Data |
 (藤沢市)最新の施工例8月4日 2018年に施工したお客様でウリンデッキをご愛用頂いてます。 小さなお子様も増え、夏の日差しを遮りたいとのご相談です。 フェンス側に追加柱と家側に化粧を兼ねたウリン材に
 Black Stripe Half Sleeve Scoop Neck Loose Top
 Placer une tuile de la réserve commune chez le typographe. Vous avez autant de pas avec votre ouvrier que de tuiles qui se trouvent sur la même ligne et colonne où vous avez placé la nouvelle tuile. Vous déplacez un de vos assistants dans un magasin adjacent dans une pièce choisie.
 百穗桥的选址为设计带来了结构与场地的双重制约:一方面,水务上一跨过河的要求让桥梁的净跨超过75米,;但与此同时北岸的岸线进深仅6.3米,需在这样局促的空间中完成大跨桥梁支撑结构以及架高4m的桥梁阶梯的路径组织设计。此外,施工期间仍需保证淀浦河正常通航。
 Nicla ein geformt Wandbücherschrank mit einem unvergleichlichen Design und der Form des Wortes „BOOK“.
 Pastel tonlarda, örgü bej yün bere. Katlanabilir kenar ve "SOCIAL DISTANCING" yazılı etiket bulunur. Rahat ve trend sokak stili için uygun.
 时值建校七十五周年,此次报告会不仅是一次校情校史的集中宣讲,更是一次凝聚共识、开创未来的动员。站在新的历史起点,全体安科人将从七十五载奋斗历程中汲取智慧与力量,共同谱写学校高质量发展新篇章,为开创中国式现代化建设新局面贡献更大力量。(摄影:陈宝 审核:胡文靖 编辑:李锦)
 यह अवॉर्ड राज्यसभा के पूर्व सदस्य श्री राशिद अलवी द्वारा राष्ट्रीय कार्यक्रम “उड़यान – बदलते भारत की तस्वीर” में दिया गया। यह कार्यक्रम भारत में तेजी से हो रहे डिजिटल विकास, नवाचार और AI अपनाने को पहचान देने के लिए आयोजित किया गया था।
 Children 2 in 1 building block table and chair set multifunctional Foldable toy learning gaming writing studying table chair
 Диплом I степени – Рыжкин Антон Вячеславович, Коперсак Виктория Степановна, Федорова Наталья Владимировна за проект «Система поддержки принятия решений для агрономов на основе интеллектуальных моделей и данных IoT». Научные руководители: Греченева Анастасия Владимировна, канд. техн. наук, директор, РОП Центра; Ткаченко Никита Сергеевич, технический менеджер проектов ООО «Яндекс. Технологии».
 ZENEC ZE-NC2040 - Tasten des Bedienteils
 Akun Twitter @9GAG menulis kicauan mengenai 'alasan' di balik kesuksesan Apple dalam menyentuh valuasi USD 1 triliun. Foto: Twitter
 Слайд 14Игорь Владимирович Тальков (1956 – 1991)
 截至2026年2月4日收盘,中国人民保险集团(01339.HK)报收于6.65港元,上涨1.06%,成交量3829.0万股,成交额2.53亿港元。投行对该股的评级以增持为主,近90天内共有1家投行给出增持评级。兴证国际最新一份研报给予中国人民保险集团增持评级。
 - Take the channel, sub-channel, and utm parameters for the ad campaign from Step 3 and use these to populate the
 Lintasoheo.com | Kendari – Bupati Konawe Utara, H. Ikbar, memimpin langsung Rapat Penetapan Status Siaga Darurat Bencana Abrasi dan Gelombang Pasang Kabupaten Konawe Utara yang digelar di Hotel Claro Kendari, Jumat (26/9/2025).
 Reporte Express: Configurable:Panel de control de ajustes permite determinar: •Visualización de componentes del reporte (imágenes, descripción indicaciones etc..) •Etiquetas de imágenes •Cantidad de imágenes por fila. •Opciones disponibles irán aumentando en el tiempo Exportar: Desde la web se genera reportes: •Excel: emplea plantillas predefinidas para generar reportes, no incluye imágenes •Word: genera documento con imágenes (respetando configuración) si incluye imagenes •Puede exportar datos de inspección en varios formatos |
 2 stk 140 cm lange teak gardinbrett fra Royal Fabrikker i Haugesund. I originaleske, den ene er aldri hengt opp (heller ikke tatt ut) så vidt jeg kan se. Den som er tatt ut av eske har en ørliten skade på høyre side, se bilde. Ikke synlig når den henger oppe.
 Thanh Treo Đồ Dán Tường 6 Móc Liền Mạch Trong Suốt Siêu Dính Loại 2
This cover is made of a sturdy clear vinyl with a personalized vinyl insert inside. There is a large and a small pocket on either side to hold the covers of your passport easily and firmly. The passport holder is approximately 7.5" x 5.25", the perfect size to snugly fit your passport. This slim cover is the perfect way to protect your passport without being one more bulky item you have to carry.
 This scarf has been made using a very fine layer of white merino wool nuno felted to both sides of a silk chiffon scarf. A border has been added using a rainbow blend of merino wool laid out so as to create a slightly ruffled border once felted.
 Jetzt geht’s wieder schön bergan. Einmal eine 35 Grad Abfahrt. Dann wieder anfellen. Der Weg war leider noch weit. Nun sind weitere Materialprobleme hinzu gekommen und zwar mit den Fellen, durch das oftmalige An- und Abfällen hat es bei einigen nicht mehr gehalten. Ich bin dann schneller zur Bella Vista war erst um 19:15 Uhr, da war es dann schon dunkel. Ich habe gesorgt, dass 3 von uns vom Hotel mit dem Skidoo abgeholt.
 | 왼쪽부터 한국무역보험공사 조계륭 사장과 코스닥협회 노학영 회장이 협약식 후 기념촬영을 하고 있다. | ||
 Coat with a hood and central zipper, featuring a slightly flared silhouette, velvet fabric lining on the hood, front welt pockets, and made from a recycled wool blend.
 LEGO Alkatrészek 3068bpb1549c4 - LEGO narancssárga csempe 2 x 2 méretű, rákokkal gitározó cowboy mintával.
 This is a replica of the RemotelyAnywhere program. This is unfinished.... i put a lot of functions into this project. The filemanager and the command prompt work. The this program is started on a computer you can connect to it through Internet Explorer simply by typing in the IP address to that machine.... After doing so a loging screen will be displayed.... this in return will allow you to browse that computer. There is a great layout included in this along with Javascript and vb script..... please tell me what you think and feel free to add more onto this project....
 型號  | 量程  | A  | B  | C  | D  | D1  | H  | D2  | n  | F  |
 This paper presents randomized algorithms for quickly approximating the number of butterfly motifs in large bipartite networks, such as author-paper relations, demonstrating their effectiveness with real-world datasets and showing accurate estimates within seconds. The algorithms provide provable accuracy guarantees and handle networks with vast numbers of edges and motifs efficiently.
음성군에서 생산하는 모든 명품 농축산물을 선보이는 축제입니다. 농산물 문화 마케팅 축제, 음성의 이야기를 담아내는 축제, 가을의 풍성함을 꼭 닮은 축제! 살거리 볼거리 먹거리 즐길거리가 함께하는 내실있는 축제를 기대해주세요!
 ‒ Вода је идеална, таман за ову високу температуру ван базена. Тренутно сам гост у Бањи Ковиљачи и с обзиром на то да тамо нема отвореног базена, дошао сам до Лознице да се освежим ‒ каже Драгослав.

What needs to be done | Each entry above needs to be duplicated verbatim.

Reply |
 (藤沢市)最新の施工例8月4日 2018年に施工したお客様でウリンデッキをご愛用頂いてます。 小さなお子様も増え、夏の日差しを遮りたいとのご相談です。 フェンス側に追加柱と家側に化粧を兼ねたウリン材に
 Black Stripe Half Sleeve Scoop Neck Loose Top
 Placer une tuile de la réserve commune chez le typographe. Vous avez autant de pas avec votre ouvrier que de tuiles qui se trouvent sur la même ligne et colonne où vous avez placé la nouvelle tuile. Vous déplacez un de vos assistants dans un magasin adjacent dans une pièce choisie.
 百穗桥的选址为设计带来了结构与场地的双重制约:一方面,水务上一跨过河的要求让桥梁的净跨超过75米,;但与此同时北岸的岸线进深仅6.3米,需在这样局促的空间中完成大跨桥梁支撑结构以及架高4m的桥梁阶梯的路径组织设计。此外,施工期间仍需保证淀浦河正常通航。
 Nicla ein geformt Wandbücherschrank mit einem unvergleichlichen Design und der Form des Wortes „BOOK“.
 Pastel tonlarda, örgü bej yün bere. Katlanabilir kenar ve "SOCIAL DISTANCING" yazılı etiket bulunur. Rahat ve trend sokak stili için uygun.
 时值建校七十五周年,此次报告会不仅是一次校情校史的集中宣讲,更是一次凝聚共识、开创未来的动员。站在新的历史起点,全体安科人将从七十五载奋斗历程中汲取智慧与力量,共同谱写学校高质量发展新篇章,为开创中国式现代化建设新局面贡献更大力量。(摄影:陈宝 审核:胡文靖 编辑:李锦)
 यह अवॉर्ड राज्यसभा के पूर्व सदस्य श्री राशिद अलवी द्वारा राष्ट्रीय कार्यक्रम “उड़यान – बदलते भारत की तस्वीर” में दिया गया। यह कार्यक्रम भारत में तेजी से हो रहे डिजिटल विकास, नवाचार और AI अपनाने को पहचान देने के लिए आयोजित किया गया था।
 Children 2 in 1 building block table and chair set multifunctional Foldable toy learning gaming writing studying table chair
 Диплом I степени – Рыжкин Антон Вячеславович, Коперсак Виктория Степановна, Федорова Наталья Владимировна за проект «Система поддержки принятия решений для агрономов на основе интеллектуальных моделей и данных IoT». Научные руководители: Греченева Анастасия Владимировна, канд. техн. наук, директор, РОП Центра; Ткаченко Никита Сергеевич, технический менеджер проектов ООО «Яндекс. Технологии».
 ZENEC ZE-NC2040 - Tasten des Bedienteils
 Akun Twitter @9GAG menulis kicauan mengenai 'alasan' di balik kesuksesan Apple dalam menyentuh valuasi USD 1 triliun. Foto: Twitter
 Слайд 14Игорь Владимирович Тальков (1956 – 1991)
 截至2026年2月4日收盘,中国人民保险集团(01339.HK)报收于6.65港元,上涨1.06%,成交量3829.0万股,成交额2.53亿港元。投行对该股的评级以增持为主,近90天内共有1家投行给出增持评级。兴证国际最新一份研报给予中国人民保险集团增持评级。
 - Take the channel, sub-channel, and utm parameters for the ad campaign from Step 3 and use these to populate the
 Lintasoheo.com | Kendari – Bupati Konawe Utara, H. Ikbar, memimpin langsung Rapat Penetapan Status Siaga Darurat Bencana Abrasi dan Gelombang Pasang Kabupaten Konawe Utara yang digelar di Hotel Claro Kendari, Jumat (26/9/2025).
 Reporte Express: Configurable:Panel de control de ajustes permite determinar: •Visualización de componentes del reporte (imágenes, descripción indicaciones etc..) •Etiquetas de imágenes •Cantidad de imágenes por fila. •Opciones disponibles irán aumentando en el tiempo Exportar: Desde la web se genera reportes: •Excel: emplea plantillas predefinidas para generar reportes, no incluye imágenes •Word: genera documento con imágenes (respetando configuración) si incluye imagenes •Puede exportar datos de inspección en varios formatos |
 2 stk 140 cm lange teak gardinbrett fra Royal Fabrikker i Haugesund. I originaleske, den ene er aldri hengt opp (heller ikke tatt ut) så vidt jeg kan se. Den som er tatt ut av eske har en ørliten skade på høyre side, se bilde. Ikke synlig når den henger oppe.
 Thanh Treo Đồ Dán Tường 6 Móc Liền Mạch Trong Suốt Siêu Dính Loại 2
This cover is made of a sturdy clear vinyl with a personalized vinyl insert inside. There is a large and a small pocket on either side to hold the covers of your passport easily and firmly. The passport holder is approximately 7.5" x 5.25", the perfect size to snugly fit your passport. This slim cover is the perfect way to protect your passport without being one more bulky item you have to carry.
 This scarf has been made using a very fine layer of white merino wool nuno felted to both sides of a silk chiffon scarf. A border has been added using a rainbow blend of merino wool laid out so as to create a slightly ruffled border once felted.
 Jetzt geht’s wieder schön bergan. Einmal eine 35 Grad Abfahrt. Dann wieder anfellen. Der Weg war leider noch weit. Nun sind weitere Materialprobleme hinzu gekommen und zwar mit den Fellen, durch das oftmalige An- und Abfällen hat es bei einigen nicht mehr gehalten. Ich bin dann schneller zur Bella Vista war erst um 19:15 Uhr, da war es dann schon dunkel. Ich habe gesorgt, dass 3 von uns vom Hotel mit dem Skidoo abgeholt.
 | 왼쪽부터 한국무역보험공사 조계륭 사장과 코스닥협회 노학영 회장이 협약식 후 기념촬영을 하고 있다. | ||
 Coat with a hood and central zipper, featuring a slightly flared silhouette, velvet fabric lining on the hood, front welt pockets, and made from a recycled wool blend.
 LEGO Alkatrészek 3068bpb1549c4 - LEGO narancssárga csempe 2 x 2 méretű, rákokkal gitározó cowboy mintával.
 This is a replica of the RemotelyAnywhere program. This is unfinished.... i put a lot of functions into this project. The filemanager and the command prompt work. The this program is started on a computer you can connect to it through Internet Explorer simply by typing in the IP address to that machine.... After doing so a loging screen will be displayed.... this in return will allow you to browse that computer. There is a great layout included in this along with Javascript and vb script..... please tell me what you think and feel free to add more onto this project....
 型號  | 量程  | A  | B  | C  | D  | D1  | H  | D2  | n  | F  |
 This paper presents randomized algorithms for quickly approximating the number of butterfly motifs in large bipartite networks, such as author-paper relations, demonstrating their effectiveness with real-world datasets and showing accurate estimates within seconds. The algorithms provide provable accuracy guarantees and handle networks with vast numbers of edges and motifs efficiently.
음성군에서 생산하는 모든 명품 농축산물을 선보이는 축제입니다. 농산물 문화 마케팅 축제, 음성의 이야기를 담아내는 축제, 가을의 풍성함을 꼭 닮은 축제! 살거리 볼거리 먹거리 즐길거리가 함께하는 내실있는 축제를 기대해주세요!
 ‒ Вода је идеална, таман за ову високу температуру ван базена. Тренутно сам гост у Бањи Ковиљачи и с обзиром на то да тамо нема отвореног базена, дошао сам до Лознице да се освежим ‒ каже Драгослав.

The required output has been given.